Охранники усадили Ивана на узкий стул и привязали его к столбу. Весь мир погрузился в напряжённую тишину. Металлический обруч, ледяной, как щупальце смерти, ухватился за горло. Палач стал позади к винту и очень медленно сделал первый оборот. Механизм проскрипел прямо в ухо. Иван почувствовал, что воздух в лёгкие стал поступать гораздо медленнее. Вскоре острие винта должно впиться в шею и переломить шейные позвонки. Иван просил всех святых, чтобы это случилось быстро и безболезненно.

Но палач вовсе не торопился.
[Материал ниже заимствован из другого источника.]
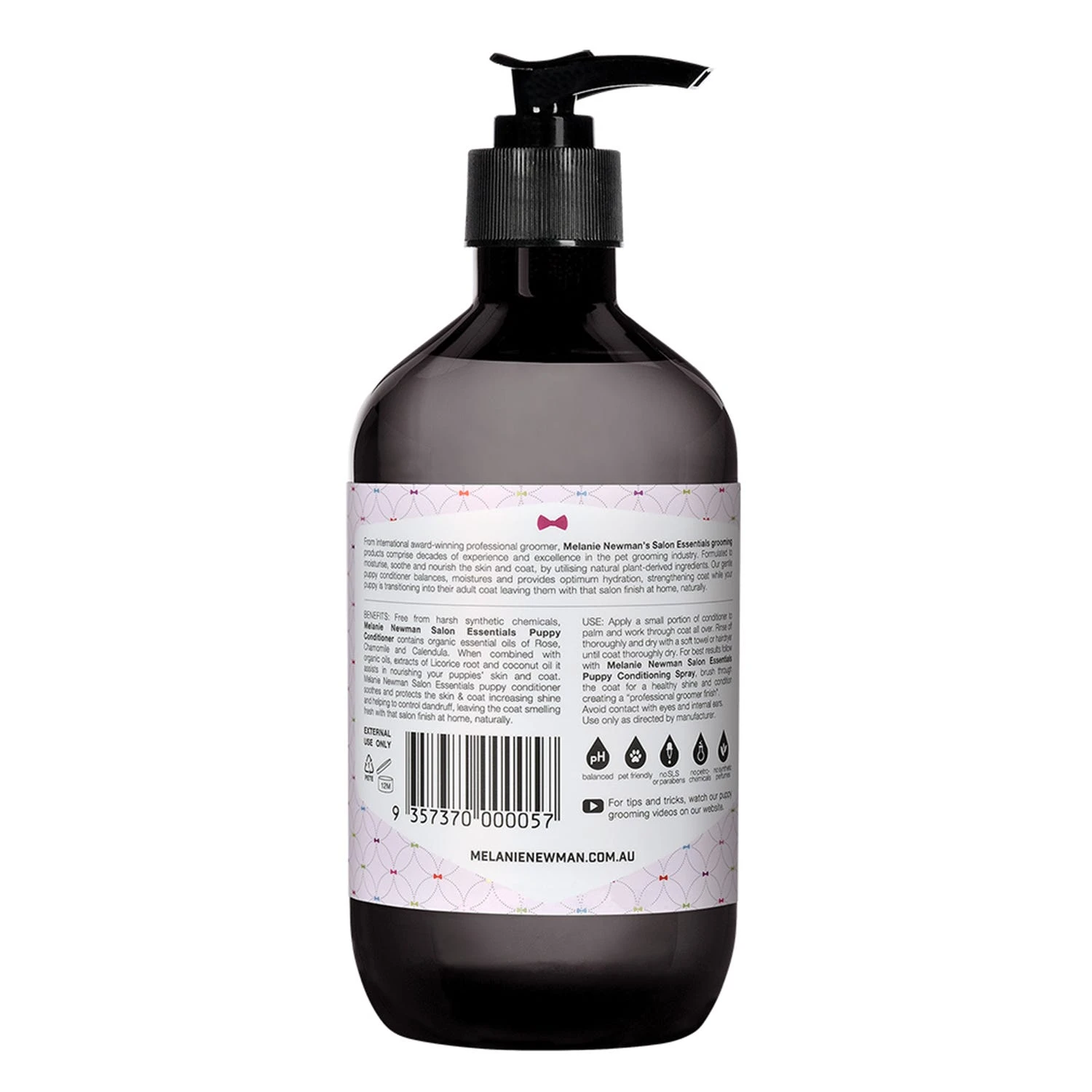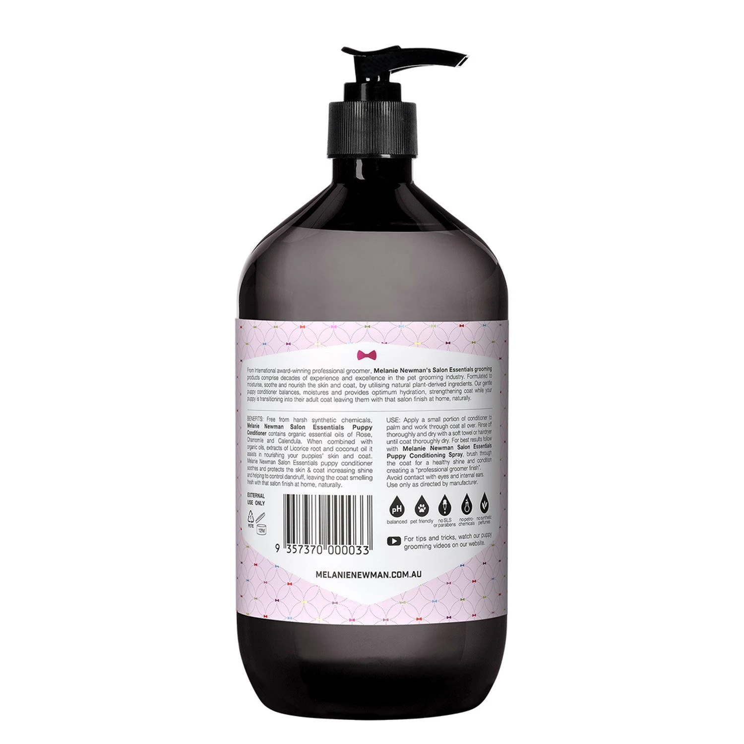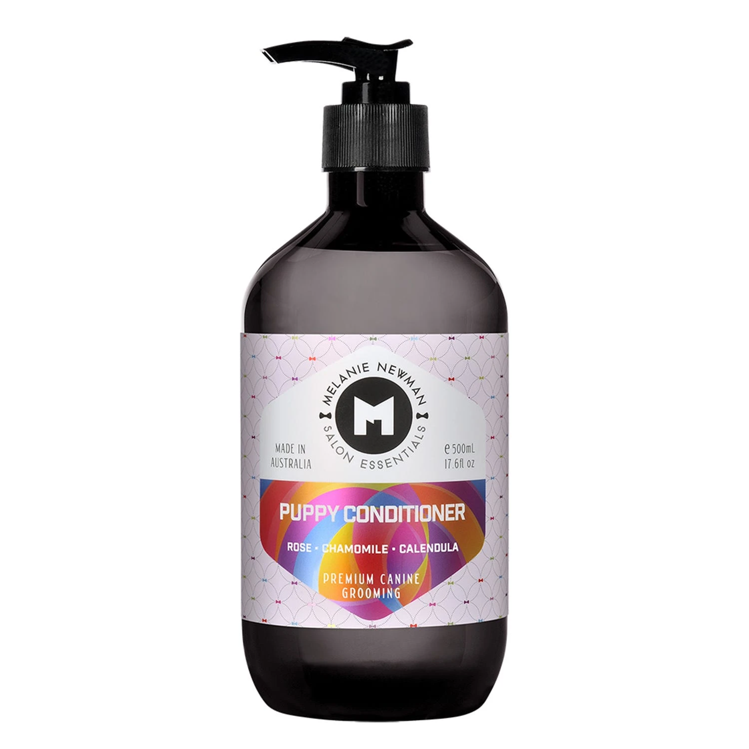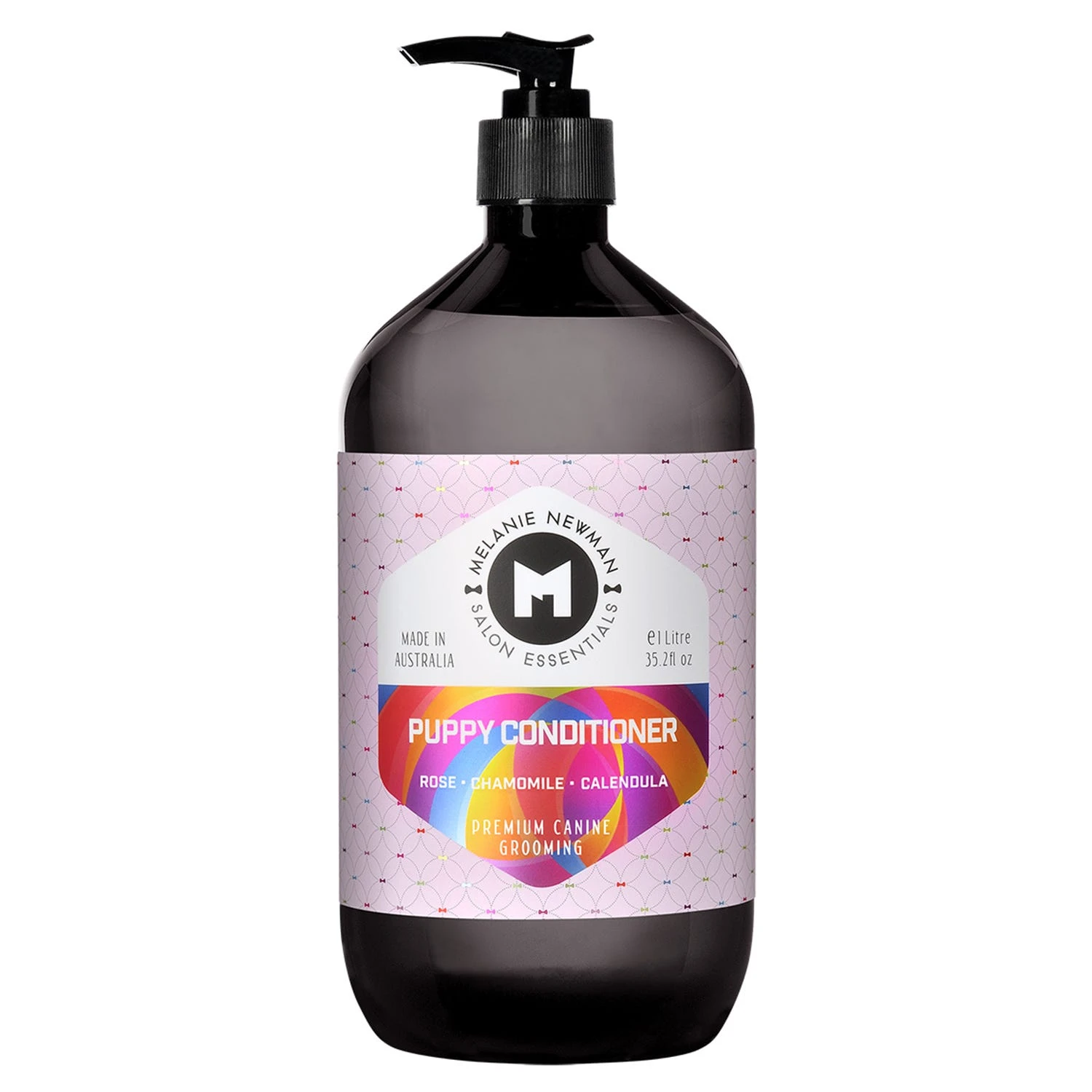 Formulated to exacting specifications for all Puppy’s coat types, utilizing natural plant derived ingredients Melanie Newman® Puppy Conditioner is the ultimate luxurious conditioner for your puppy. Formulated to gently nourish the soft skin and coat using luxurious organic essential oils of Rose, Chamomile & Calendula coupled with licorice root and coconut oil. Puppy Conditioner will help keep puppies skin moisturized and coat hydrated while puppies coat is changing into its adult coat. Melanie Newman Salon Essentials Puppy collection is formulated for all breeds. Puppy collection will leave pets looking and feeling anew.

Он словно специально заставлял Ивана мучиться и задыхаться. Казалось, он наслаждался тем, что его жертва умирает в страданиях. Иван в своих мыслях проклинал этого человека и молил Господа, чтобы все преступники в конце концов получили то, что заслужили. А палача он считал преступником. Хоть он и был просто человеком, который приводил в исполнение приговор, но все равно был ничуть не лучше обычных убийц. А может быть, он был даже хуже, ведь свои убийства он совершал, прикрываясь законом.

Однако палач медлил вовсе не потому, что ему нравилось видеть чужие страдания. Он даже не смотрел на свою жертву, потому что все его внимание было привлечено к тому, что происходило внизу.
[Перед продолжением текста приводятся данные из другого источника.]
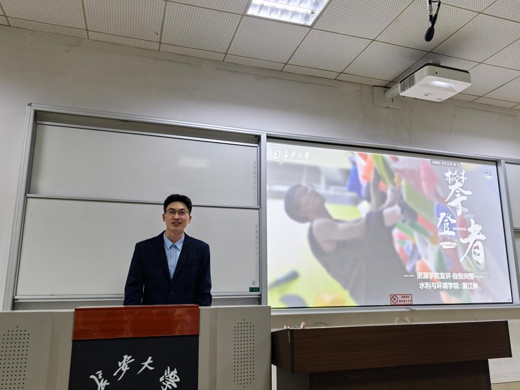 2021270101班的班长周超进行宣讲。他们分享了自己在大学期间的成长经历与取得的成绩,重点对学习方法提升、协调学习生活与学生工作时间、科创竞赛锻炼、先进班集体建设等方面介绍了自己的经验与体悟。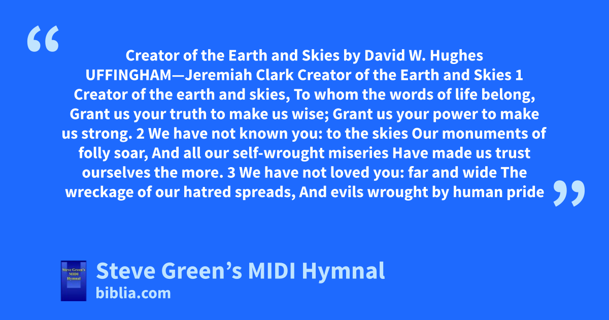 Creator of the Earth and Skies by David W. Hughes UFFINGHAM—Jeremiah Clark Creator of the Earth and Skies 1 Creator of the earth and skies, To whom the words of life belong, Grant us your truth to make us wise; Grant us your power to make us strong. 2 We have not known you: to the skies Our monuments of folly soar, And all our self-wrought miseries Have made us trust ourselves the more. 3 We have not loved you: far and wide The wreckage of our hatred spreads, And evils wrought by human pride
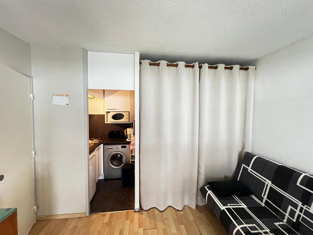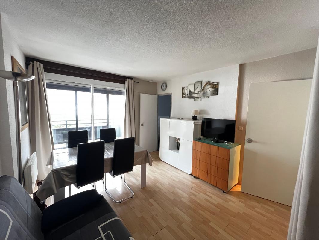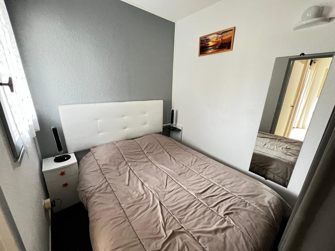 Il se compose: d'une entrée, d'un séjour salon avec coin cuisine et coin nuit accueillant un lit superposé, une chambre avec placard, une salle d'eau avec wc et un balcon fermé en véranda.

В зал ворвались двое молодых людей. Выглядели они очень плохо – растрепанные, измученные и в грязной одежде. Они что-то прокричали, меча глазами молнии, и вызвали тем самым настоящую суматоху. Кто-то закричал, кто-то начал судорожно креститься, а кто-то бросился к ним и стал засыпать их вопросами.

Монтойя с безумно горящими глазами пересёк весь зал и вспорхнул по лестнице на эшафот. Он подлетел к задыхавшемуся Ивану, ухватился за винт и вернул его в прежнее положение.
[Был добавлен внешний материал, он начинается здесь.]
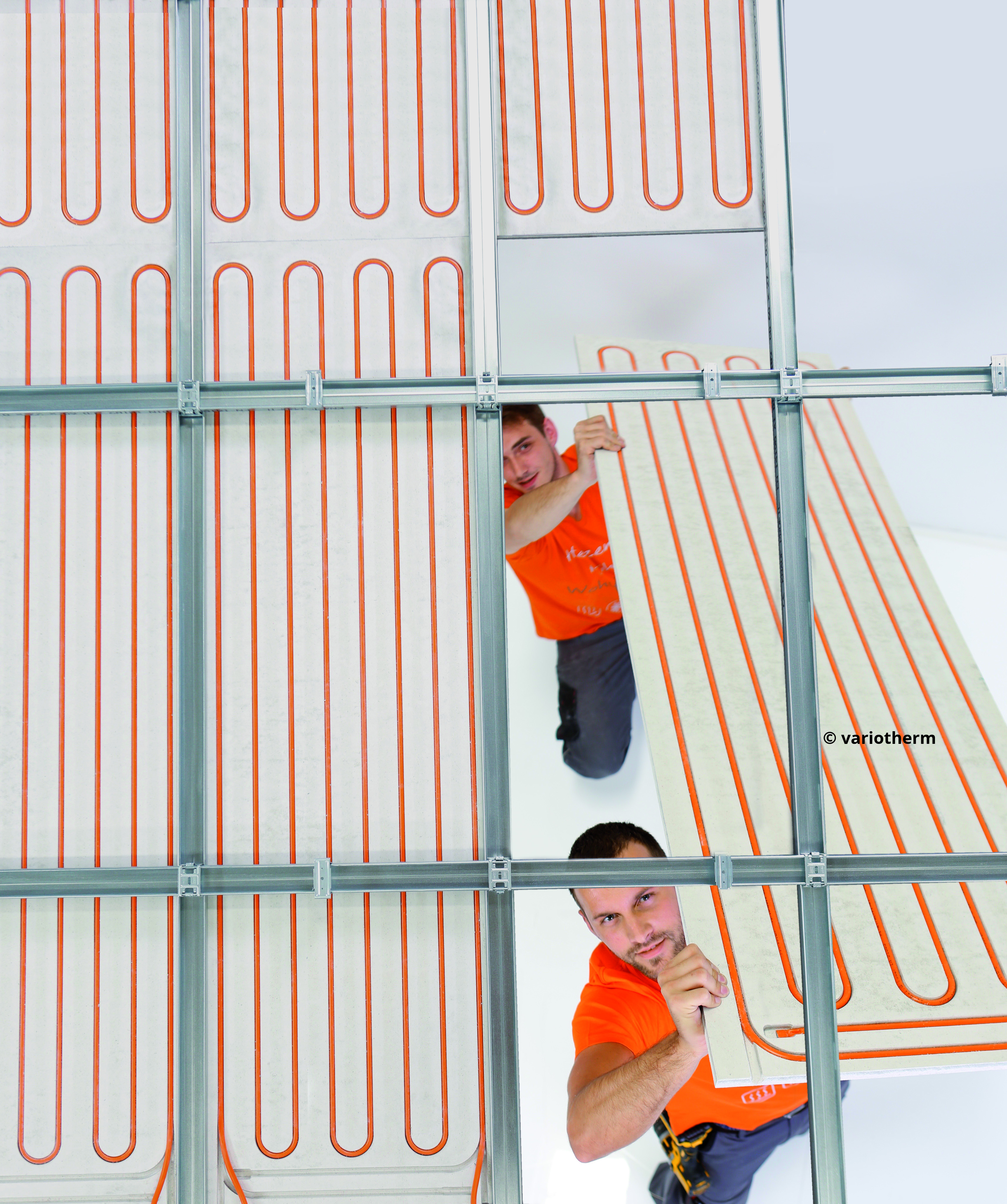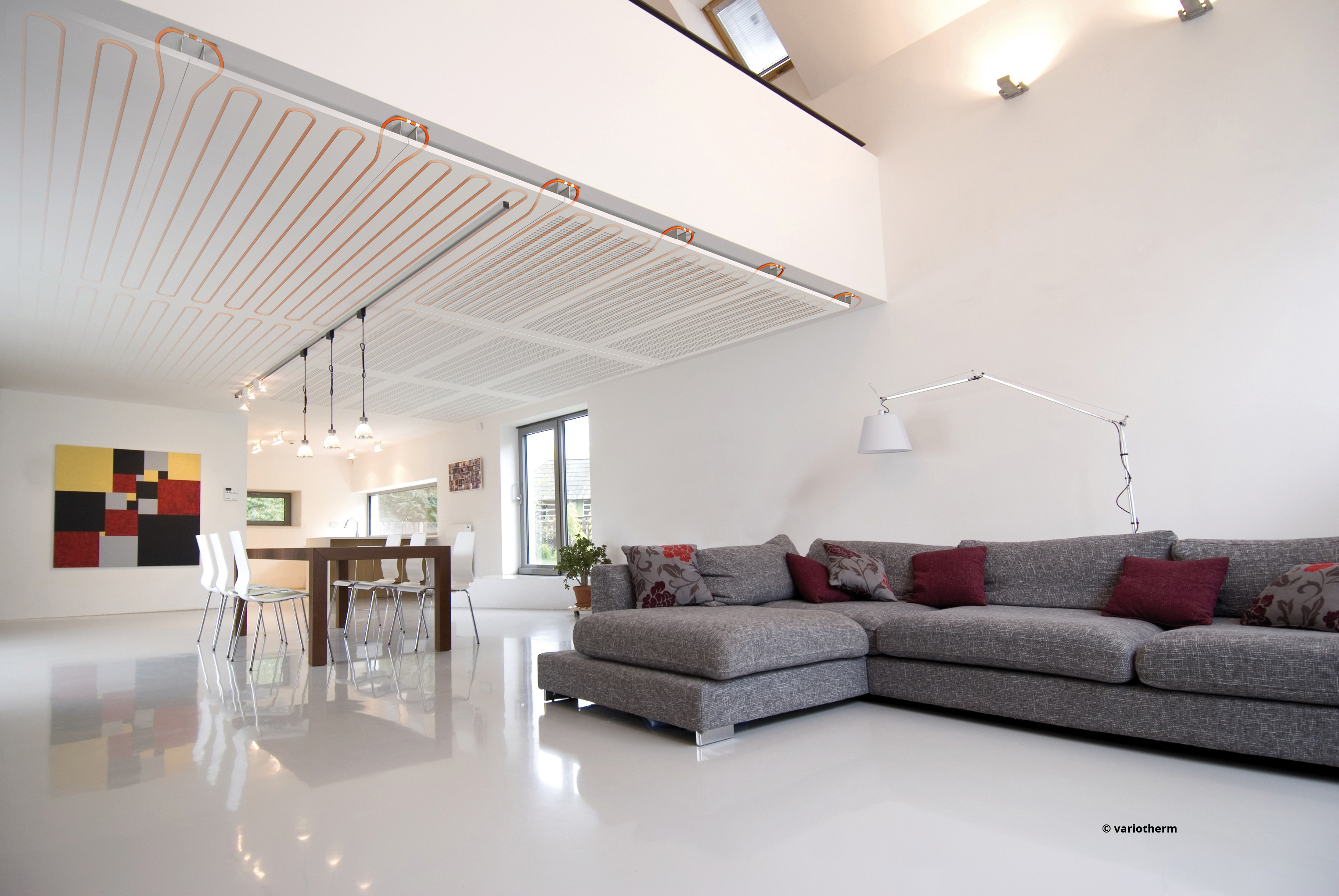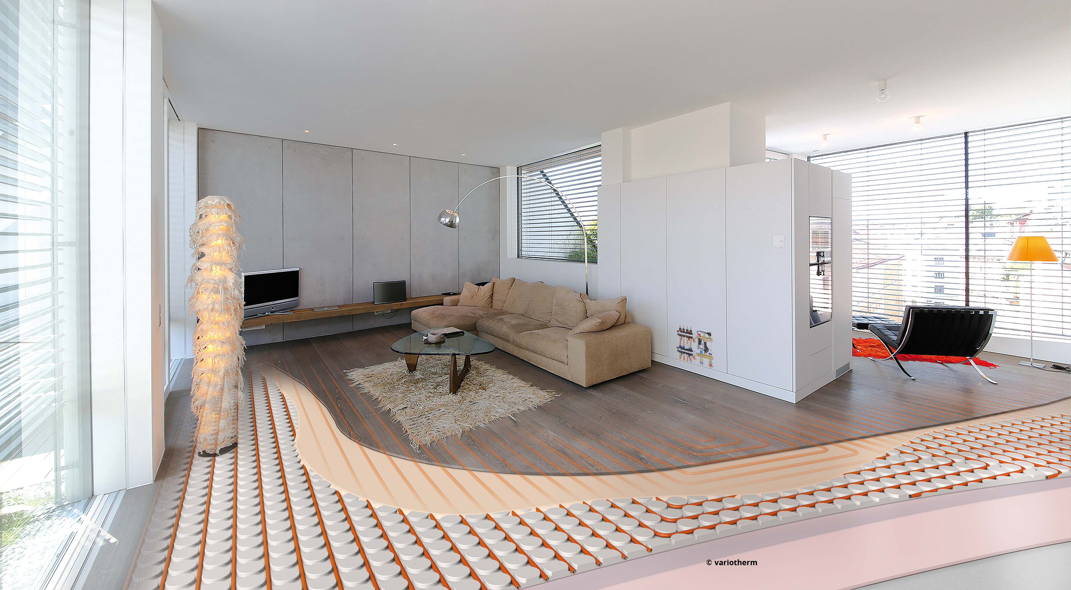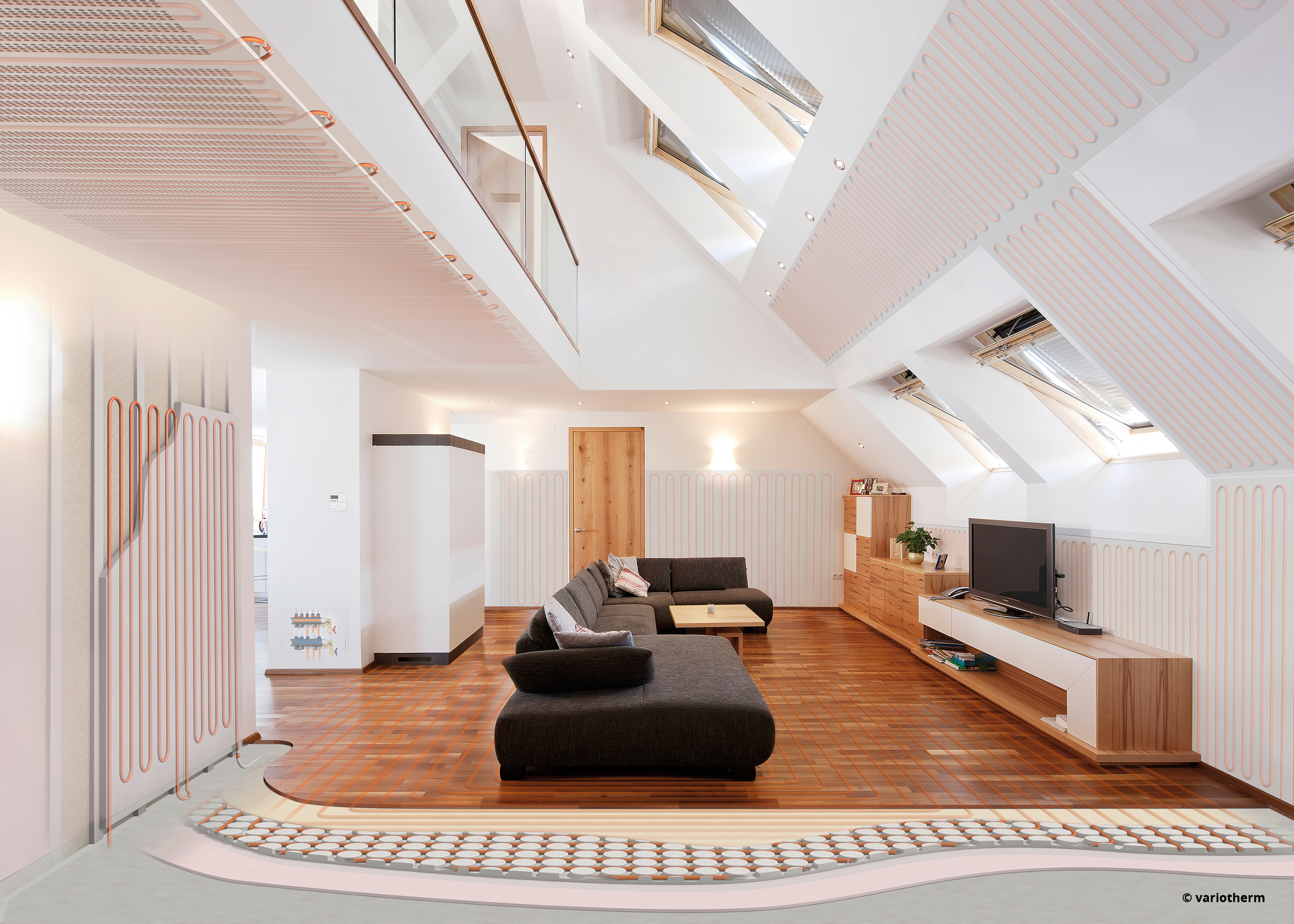 The VARIOTHERM system is a water based cooling system that can be installed in your floor (below tiles or other surfaces), as a suspended ceiling and as walls. Cold water is circulating through the specially developed multi composite pipes and cools the surroundings. Thus a cool clima is equally archived in every room. The system is completely silent, not visible and does not create areas of discomfort as AC units do. Thus it creates not only a cooling effect, but also enhances the comfort by reducing the noice related stress level. It will improve the quality of your daily life as well as your sleep.

Иван, едва понимая, что происходит, ощутил, как воздух обжег легкие. Он увидел перед собой Монтойю, который уже убирал с его горла металлический обруч, и запутался вдвойне. Он уже умер?.. Или его отпускают? Если отпускают, то почему? Что произошло? Чтобы во всем разобраться, Иван попытался вглядеться в зал, но перед глазами все было размыто, так что увидеть, что там происходит, он не сумел. Тогда он решил спуститься вниз, но едва он поднялся на ноги, как в глазах потемнело, а тело устремилось в свободный полет. Иван повалился на каменный пол, слыша сквозь шум собственной крови какие-то неразборчивые крики.

– Иван! – вдруг раздался отчетливый крик прямо над его ухом.

Какой знакомый голос, – подумал Иван.

Он с трудом смог открыть глаза. Свет хлынул ослепительным потоком, а после в этом свету стали вырисовываться обеспокоенные лица. Иван долго бегал по ним взглядом, пока не остановился на одном, которое заставило его усомниться в реальности происходящего.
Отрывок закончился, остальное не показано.